Task statement: Only the pictures stay out; please return all the entries below exactly as written.

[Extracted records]
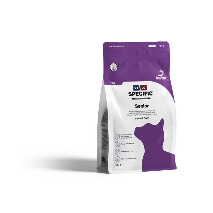 SPECIFIC Senior FGD on erityisesti yli 8-vuotiaille kissoille suunniteltu täysravinto, joka vastaa ikääntyvän kissan muuttuviin ravitsemustarpeisiin. Kohtuullisesti vähennetty proteiini- ja fosforipitoisuus tukee munuaisten toimintaa, kun taas runsas EPA- ja DHA-rasvahappojen pitoisuus edistää nivelten liikkuvuutta, ihon terveyttä ja kiiltävää turkkia. Korkea kuitupitoisuus hallitsee karvapallojen muodostumista ja yucca-uute vähentää ulosteen epämiellyttäviä hajuja.
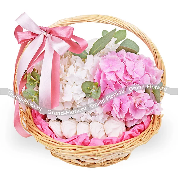 Море нежности - корзина с белой и розовой гортензией
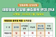 [참좋은뉴스= 기자] 울산 동구가 2026년 1월 1일부터 월요일, 목요일의 재활용품 수거 품목을 변경 시행한다고 밝혔다. 지금까지는 월요일, 목요일은 기타 재활용품, 화요일은 스티로폼·공병, 수요일은 비닐, 금요일은 투명 페트병을 수거하고 있다. 2026년 1월 1일부터는 월요일은 기타 재활용품에서 종이류로, 목요일은 기타 재활용품에서 플라스틱 및 캔·고철로 변경되며 나머지 화요일, 수요일, 금요일은 현행 품목을 그대로 유지할 예정이다. 배출 시간은 수거일 전날 저녁 8시부터 자정 12시까지이며 내 집 앞에 배출해야 한다. 기존 수거 체계상 ‘기타 재활용품’이란 용어가 주민들의 해석에 혼란을 초래하여 재활용 전 품목 혼합 배출의 문제가 꾸준히 제기되어왔으며, 또한 월요일은 재활용품 배출량이 많아 현장에서 근무하는 근로자들의 인력적 한계로 재활용품이 미수거되는 등의 민원이 지속적으로 발생했다. 동구청은 이달부터 변경된 체계의 조기 정착과 주민들의 혼란 방지를 위해 현수막, 전단지 등을 활용해 주민들에게 적극 알리고, 구청 홈페이지를 비롯해 소식지, 구청 SNS를 통해서도 집중적인 홍보
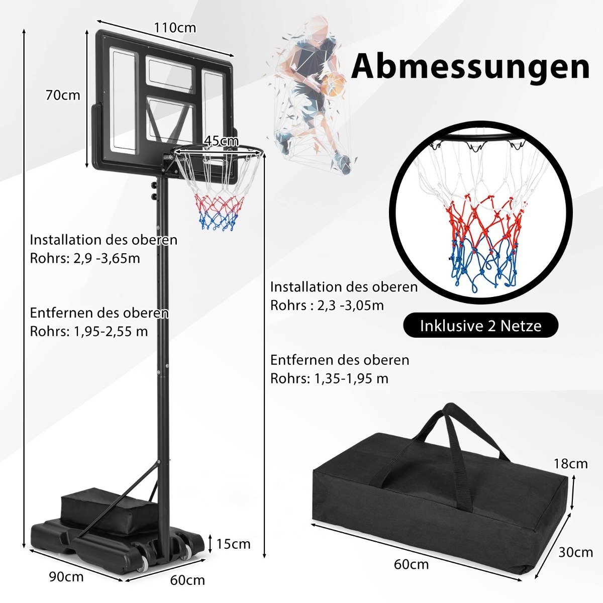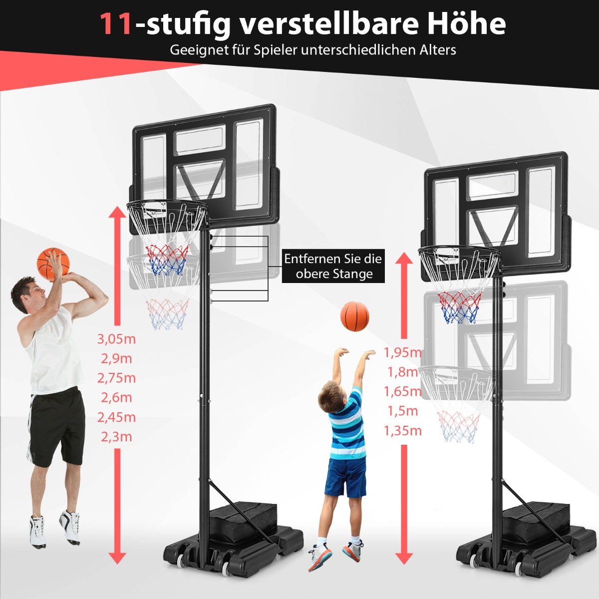 Costway Ρυθμιζόμενη σε ύψος μπασκέτα εξωτερικού χώρου με βάση και δίχτυα 135-305 cm SP38152
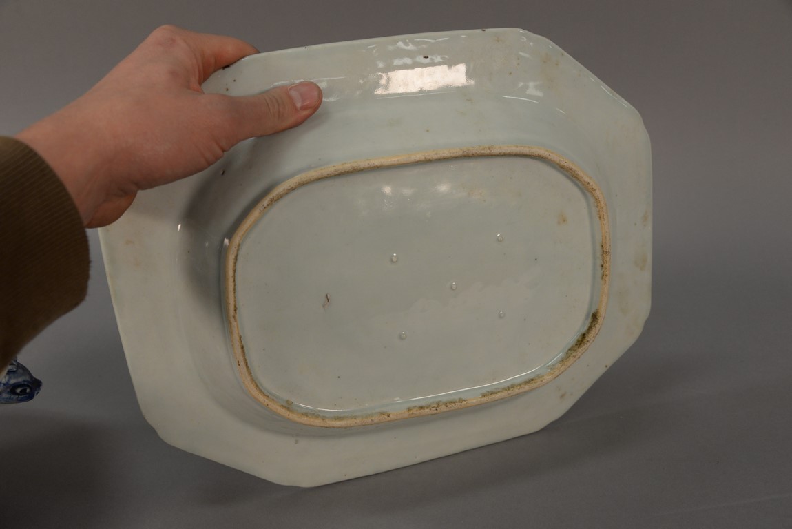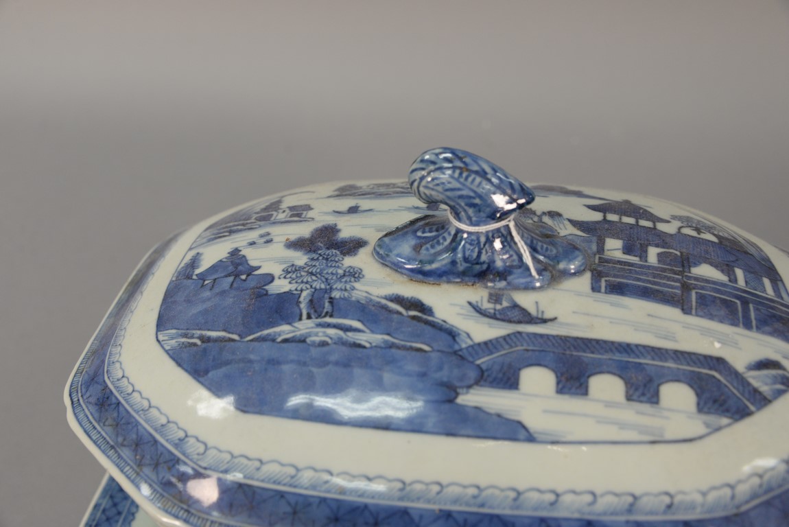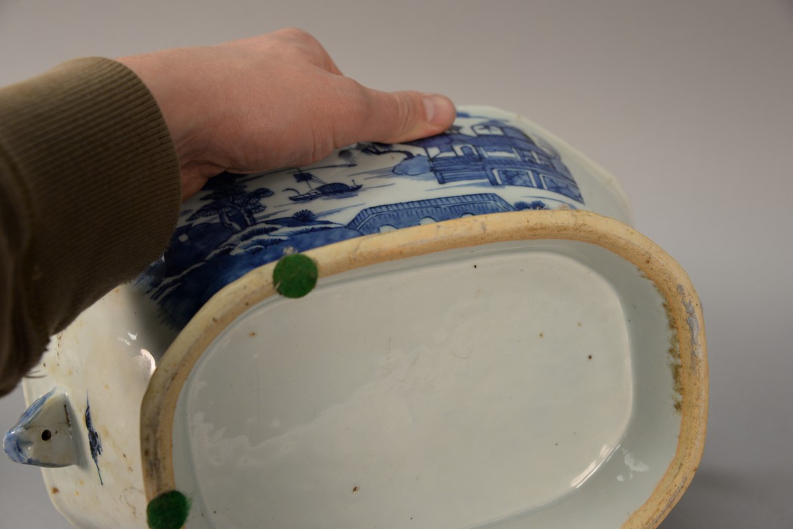 Lot 189: Canton covered tureen plus platter, tureen with boar head handles platter with chips. tureen: ht. 8 1/2 in. lg. 12 1/2 in. …

Answer to the problem:
 SPECIFIC Senior FGD on erityisesti yli 8-vuotiaille kissoille suunniteltu täysravinto, joka vastaa ikääntyvän kissan muuttuviin ravitsemustarpeisiin. Kohtuullisesti vähennetty proteiini- ja fosforipitoisuus tukee munuaisten toimintaa, kun taas runsas EPA- ja DHA-rasvahappojen pitoisuus edistää nivelten liikkuvuutta, ihon terveyttä ja kiiltävää turkkia. Korkea kuitupitoisuus hallitsee karvapallojen muodostumista ja yucca-uute vähentää ulosteen epämiellyttäviä hajuja.
 Море нежности - корзина с белой и розовой гортензией
 [참좋은뉴스= 기자] 울산 동구가 2026년 1월 1일부터 월요일, 목요일의 재활용품 수거 품목을 변경 시행한다고 밝혔다. 지금까지는 월요일, 목요일은 기타 재활용품, 화요일은 스티로폼·공병, 수요일은 비닐, 금요일은 투명 페트병을 수거하고 있다. 2026년 1월 1일부터는 월요일은 기타 재활용품에서 종이류로, 목요일은 기타 재활용품에서 플라스틱 및 캔·고철로 변경되며 나머지 화요일, 수요일, 금요일은 현행 품목을 그대로 유지할 예정이다. 배출 시간은 수거일 전날 저녁 8시부터 자정 12시까지이며 내 집 앞에 배출해야 한다. 기존 수거 체계상 ‘기타 재활용품’이란 용어가 주민들의 해석에 혼란을 초래하여 재활용 전 품목 혼합 배출의 문제가 꾸준히 제기되어왔으며, 또한 월요일은 재활용품 배출량이 많아 현장에서 근무하는 근로자들의 인력적 한계로 재활용품이 미수거되는 등의 민원이 지속적으로 발생했다. 동구청은 이달부터 변경된 체계의 조기 정착과 주민들의 혼란 방지를 위해 현수막, 전단지 등을 활용해 주민들에게 적극 알리고, 구청 홈페이지를 비롯해 소식지, 구청 SNS를 통해서도 집중적인 홍보
 Costway Ρυθμιζόμενη σε ύψος μπασκέτα εξωτερικού χώρου με βάση και δίχτυα 135-305 cm SP38152
 Lot 189: Canton covered tureen plus platter, tureen with boar head handles platter with chips. tureen: ht. 8 1/2 in. lg. 12 1/2 in. …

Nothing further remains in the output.